Cleavage of olefinic double bonds by mediated anodic oxidation

• Published in: Electrochimica acta Vol. 48; no. 5; pp. 489 - 495
• Main Author: BAUMER, U
• Format: Journal Article
• Language: English
• Published: Oxford Elsevier Ltd 15.01.2003; Elsevier
• Subjects: Alkenes; C,C-double bond cleavage; Chemistry; Electrochemistry; Exact sciences and technology; General and physical chemistry; Kinetics and mechanism of reactions; Mediated anodic oxidation; Periodate/ruthenium trichloride; C,C-double bond cleavage; Alkenes; Periodate/ruthenium trichloride; Mediated anodic oxidation; Mixed catalyst; Alkali metal Compounds; Platinoid Compounds; Catalytic reaction; Catalyst selectivity; Transition metal Compounds; Ruthenium chloride; Experimental study; Scission; Sodium Periodates; Alkene; Anodizing; Reaction mechanism; Electrochemical reaction; Catalyst activity; Degradation product
• ISSN: 0013-4686; 1873-3859
• DOI: 10.1016/S0013-4686(02)00715-6

Seven alkenes, e.g. 1-decene, methyl oleate, cyclododecene, norbornene, are cleaved by indirect anodic oxidation with IO 4 −/RuCl 3 as mediator to carboxylic acids.
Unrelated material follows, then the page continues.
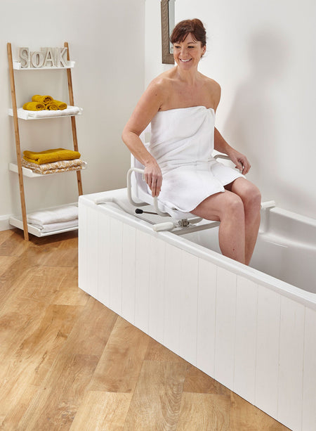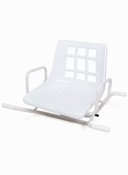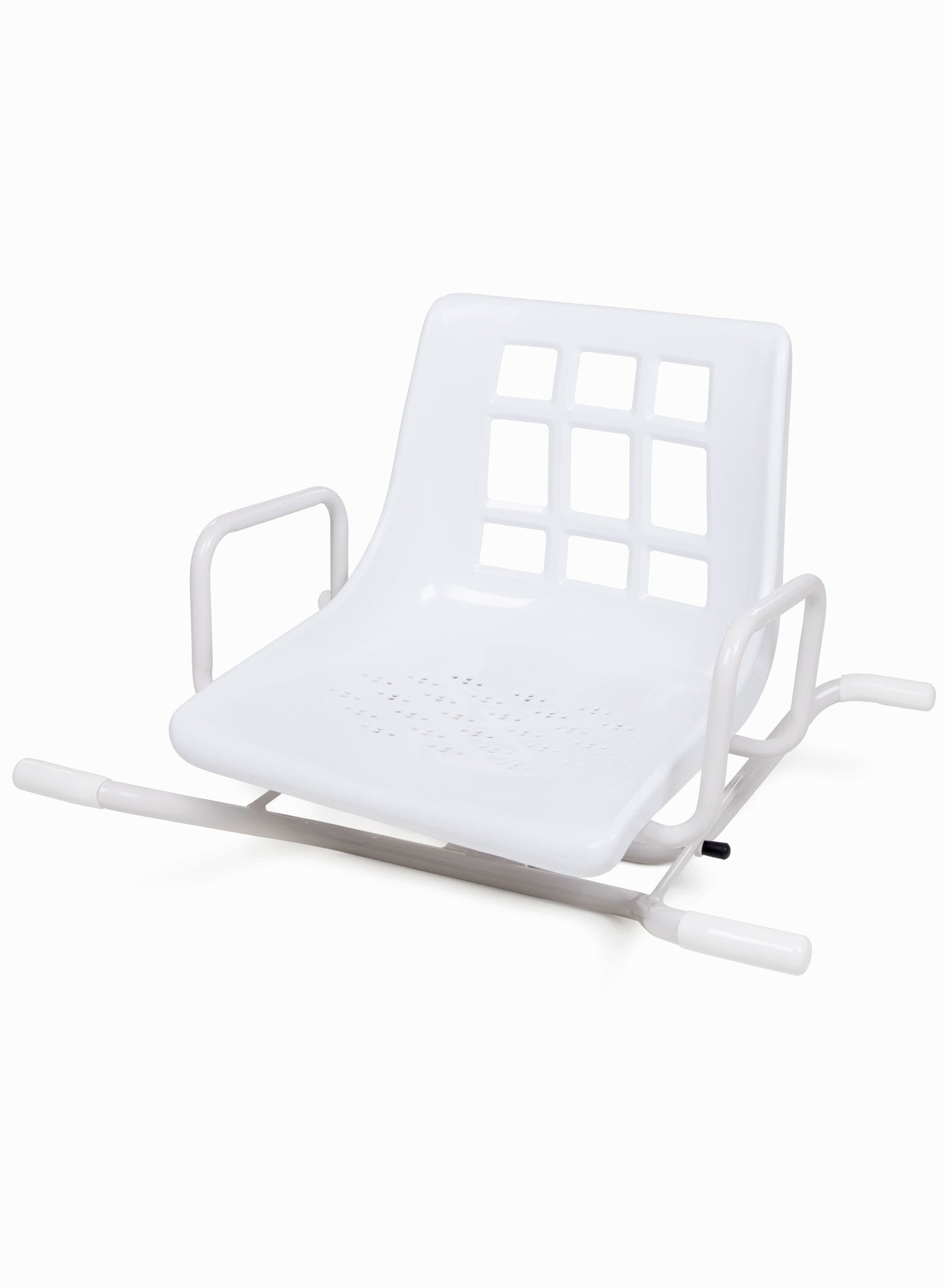 This swivelling bath seat is designed to fit over most standard baths with an internal width of approximately 700–750mm.

The best performance was achieved with two alternative ex cell-methods. Periodate is regenerated from iodate in a divided cell at a PbO 2/Ti-anode. In the chemical reactor alkene and the produced carboxylic acid are immobilized in a chromatography column on Chromosorb W and oxidized with IO 4 −/RuO 4 in CH 3CN/water. In the alternative version the alkene is oxidized in an emulsion generated by sonication and the organic phase is retained in the reactor by a separator. Acids and diacids are obtained in 61–91% chemical yield and good current yields. The amount of consumed periodate can be reduced to less than 5% of the amount needed for the chemical oxidation. The mediated anodic cleavage of alkenes is altogether an interesting alternative to ozonolysis.